На первый взгляд очевидный довод о влиянии на расообразование приспособления к природным условиям не выдерживает критики. Плоское переносье тунгуса и негра, эпикантус эскимоса и южного китайца показывают, что здесь действуют иные закономерности. В действительности, миграции сильно замутняют исходные причины образования признака. В целом можно считать, что природные условия обособляют расы и племена, но при этом не предопределяют какие-либо признаки. Главным является не тип природных условий, а географическая и ландшафтная изоляция, оказывающая решающее влияние на концентрацию того или иного признака. Природа постоянно проводит генетические эксперименты, обособляя уникальный генотип рода, который впоследствии может оказаться типичным для целого народа или даже расы. Приспособление лишь отграничивает негодные результаты природного эксперимента, тем самым, отбирая пригодные для выживания и развития генотипы. Таким образом, в современных генотипах заложена вся картина приспособления, характерная для различных периодов эволюции и социальной истории.

Развитие первобытного общества прошло через очень продолжительную стадию существования изолированных коллективов или совокупностей коллективов, связанных и ограниченных рамками эндогамии. Малые группы противостояли всем другим: они были морфологически различны и представляли собой способ конкуренции между различными моделями генетической конструкции организма. Морфология создавала образ «чужого», а генетика – реальные конкурирующие генотипические модели.

Законы генетики показывают, что различие между популяциями тем больше, чем длительнее их изоляция (отсутствие смешения). При изоляции уже через несколько поколений популяция переходит по определенному набору генов в гомозиготное состояние – ряд признаков вымывается и исчезает, другие закрепляются и подвергаются мутациям, становящимся причиной специфической судьбы группового генотипа.

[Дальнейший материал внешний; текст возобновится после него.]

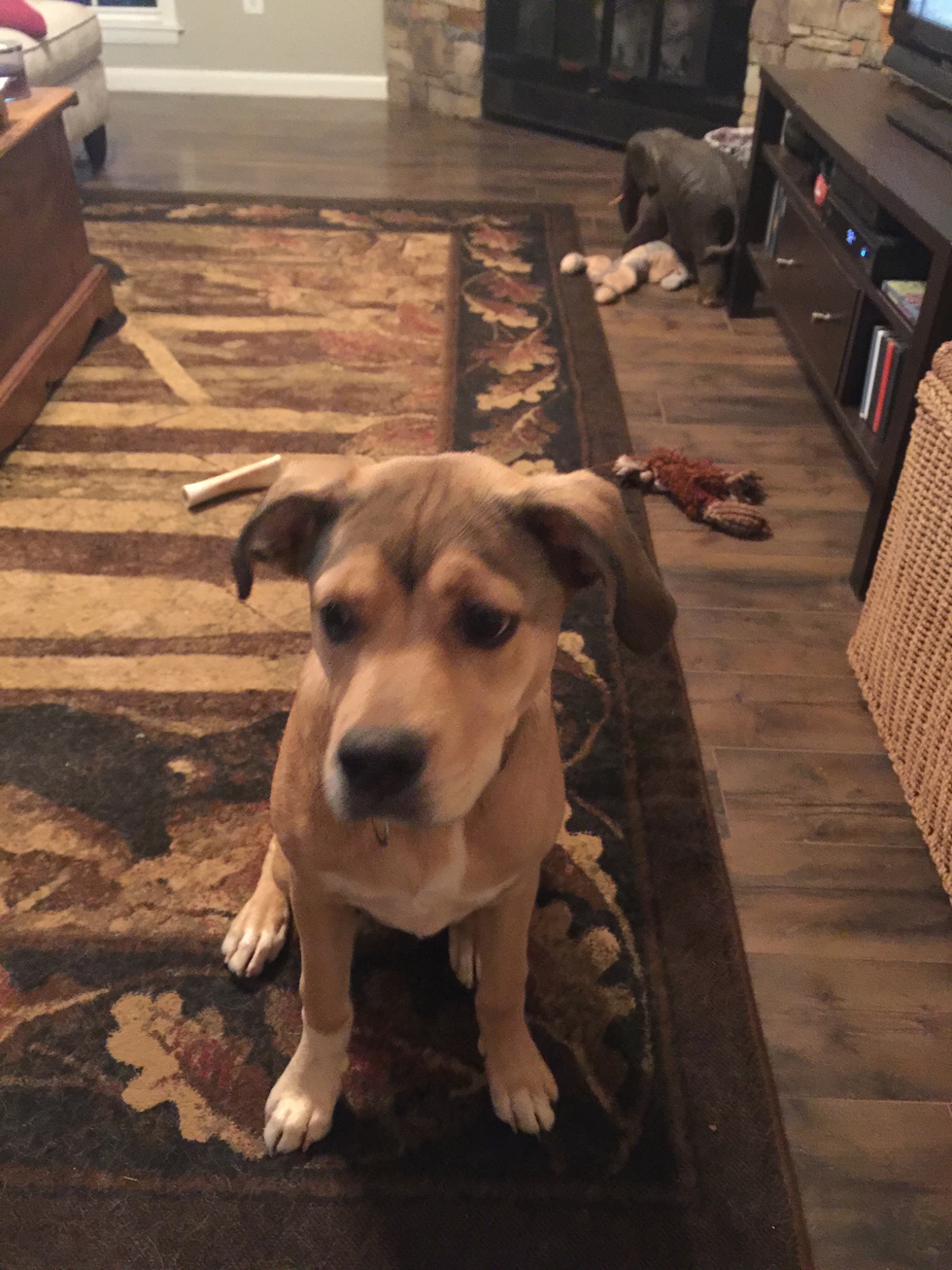 My humans bring me everywhere - we go hiking together and play in the park. They let me come to restaurants and breweries with them, even when they have to sit outside in the cold so I can come with them. I've even run into one of my brothers at the Biltmore! Mommy buys me so many toys and bones, but my favorite toy is my rubber chicken. It squawks when I chew it and wakes my big brother up from his many naps. My favorite thing to do though is to cuddle up close to Bruno for a good sleep.

Большое количество раннепалеолитических пещерных стойбищ, раскопанных по всей Евразии, говорят о том, что древние люди не были кочевниками – у них существовала эндогамная семья и меры по стабилизации рождаемости. Следствием такой самоорганизации являлась определенная программа стабилизации генотипа, четко обособлявшего данное племя от любого другого – даже от близкородственного.

Случайный или предрешенный генетикой переход группы к более высокому уровню развития производительных сил означает быстрый рост ее численности и поглощение малочисленных групп, распространение на большие пространства до тех пор, пока ландшафт не заполняется и внешняя экспансия не прекращается. Переход к внутренней конкуренции исчерпывает ассимиляционный потенциал и начинается новая дифференциация – до последующей волны экспансии, которая родится в одном из изолятов или придет извне, если в данный ландшафт хлынет племя с новой технологией (оружием и способами хозяйствования) и более мощными средствами мультипликации своего генотипа. Так раса создается технологией, имея корни в биологии. Разные типы цивилизации (культуры и хозяйства) имеют разный демографический потенциал, меняющийся на разных этапах развития цивилизации.

Семья – средство отбора

В целом при изучении генотипа любой популяции ожидается, что митохондриальный геном должен быть более разнообразным, чем Y-хромосома, что связано с большей скоростью мутации. Однако в евразийских (и особенно европейских) популяциях картина обратная – более вариабельны как раз Y-хромосомы. Отсюда можно сделать вывод, что мужская миграционная активность (выход за пределы ареала популяции, который в лице мужского населения мог перемещаться как единое целое) была значительно ниже – срабатывают факторы семейной организации и искусственной селекции. Наличие у многих народов прошлого (да и настоящего) полигамии также может объяснять эту тенденцию.

Семейные отношения – первейший регламент отбора, прямо вмешивающийся в биологические процессы. От обычного животного стада человека отделяют жесточайшие запреты браков определенного типа или, напротив, преобладание браков определенного типа. Причем, отбор на выживание осуществлялся, бесспорно, в жесткой конкуренции различных моделей семьи и рода.